Israel expected to heed US urgings to abandon fighter project. US, which foots most of the bill, says jet eats too much defense aid

A meeting of the Israeli Cabinet this weekend will rate unusual attention by the Reagan administration. The Israelis are to decide whether to proceed with the development of a high-performance fighter jet designed to rival the best produced in the United States. But the Reagan administration calls the project a boondoggle that will siphon US aid from more pressing Israeli defense needs.

During the past week, senior US officials have pressured the Israelis to abandon the Lavi jet fighter project. Secretary of State George Shultz sent a private message to Israeli Cabinet officers asserting that the Lavi project was one neither Israel nor the US could afford.

``Both the US and Israel estimate production cost of a magnitude which could not be funded within our security-assistance program to Israel without crowding out other important projects,'' State Department spokesman Charles Redman adds.

In an effort to sweeten a decision to abandon the project, the US has offered some important financial concessions.

During a recent US visit by Israeli Defense Minister Yitzhak Rabin, Defense Department officials reportedly promised to do their best to help cover costs associated with the termination of the project and to sustain current levels of aid for foreign military sales (FMS) to Israel. That means reallocating for other purposes the $550 million in FMS now earmarked for the Lavi program.

More important, Israeli officials say, the US has agreed to increase ``offset'' expenditures in Israel, an arrangement by which the US will purchase $150 million in Israeli equipment - mostly electronics and avionics - during each of the next two years.

The offset provision is considered particularly important to Israel because of the need to sustain employment in Israel's high-tech industries. According to an Israeli official, some 2,000 scientists and engineers have emigrated to Israel from the West to work on the Lavi project. The offset agreement could help prevent a reverse brain drain resulting from the expected decision to scotch the Lavi program.

Despite the fact that the Lavi has been a major employer and a source of enormous national pride in Israel, the project has been a drain on the Israeli economy, including the defense budget.

``The Lavi has been the biggest enemy of the Israeli Army,'' says one Israeli official, who notes that a disproportionate amount of US aid has been devoted to developing the controversial fighter aircraft, which is the rough equivalent of the popular US-made F-16.

The US has invested $1.5 billion in the Lavi program, which so far has produced two prototype aircraft.
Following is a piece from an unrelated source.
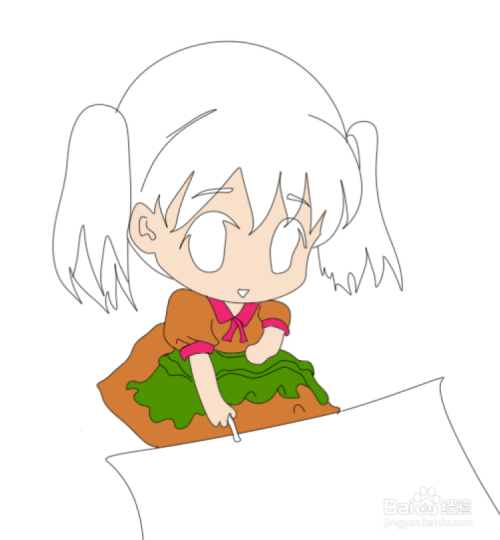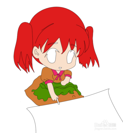 给人物的衣服涂上棕色,衣服的边幅用红色涂上;如图所示。
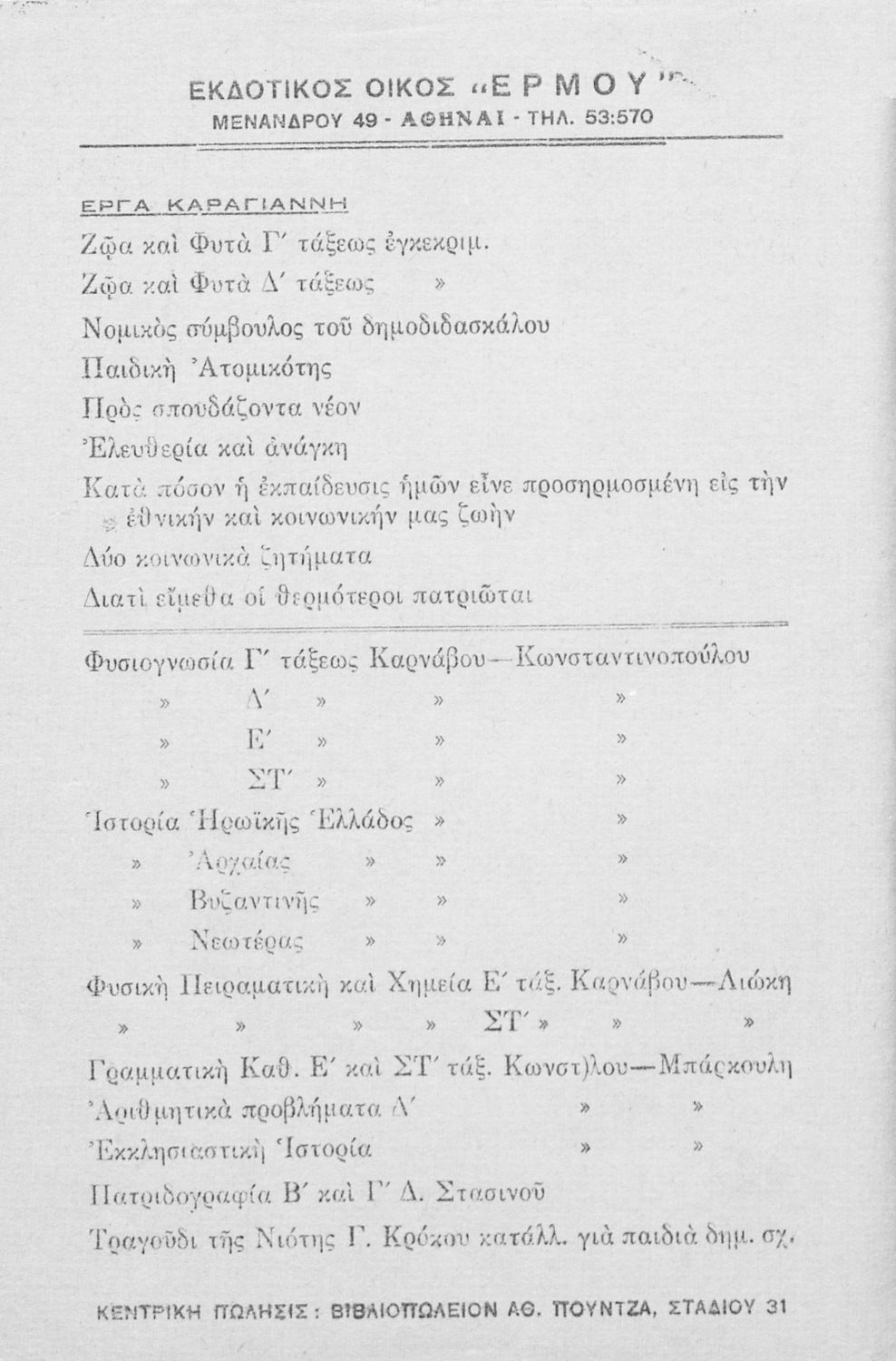 Κωδικός αναγνώρισης: 02-03253 Τίτλος: Ζώα και φυτά δια την τετάρτην τάξιν του Δημοτικού Σχολείου Συγγραφέας: Ν. Α. Καραγιάννης Μέγεθος και υπόστρωμα: Μαθητικό βοήθημα, μαλακό εξώφυλλο, 76 σελίδες. Σκίτσα (ασπρόμαυρα). |

But enthusiasm for the project has largely been confined to Capitol Hill, where a small group of House members has kept it alive.

From the start, the Reagan administration has been skeptical. One State Department official says the Lavi could absorb close to half of the annual $1.8 billion in US military aid earmarked for Israel, compromising other defense programs. For far less money, Israel could buy comparable US F-16s.

``To continue with the Lavi means having to cut out some other high priority items from [Israel's] defense budget,'' comments this official. ``That could hurt Israel's qualitative defensive edge.''

Israelis have become emotionally attached to the Lavi project, seeing in it a symbol of the nation's military independence. ``For everyone here it is a very sad moment,'' says an Israeli official of the fact that the days of the Lavi project may be numbered.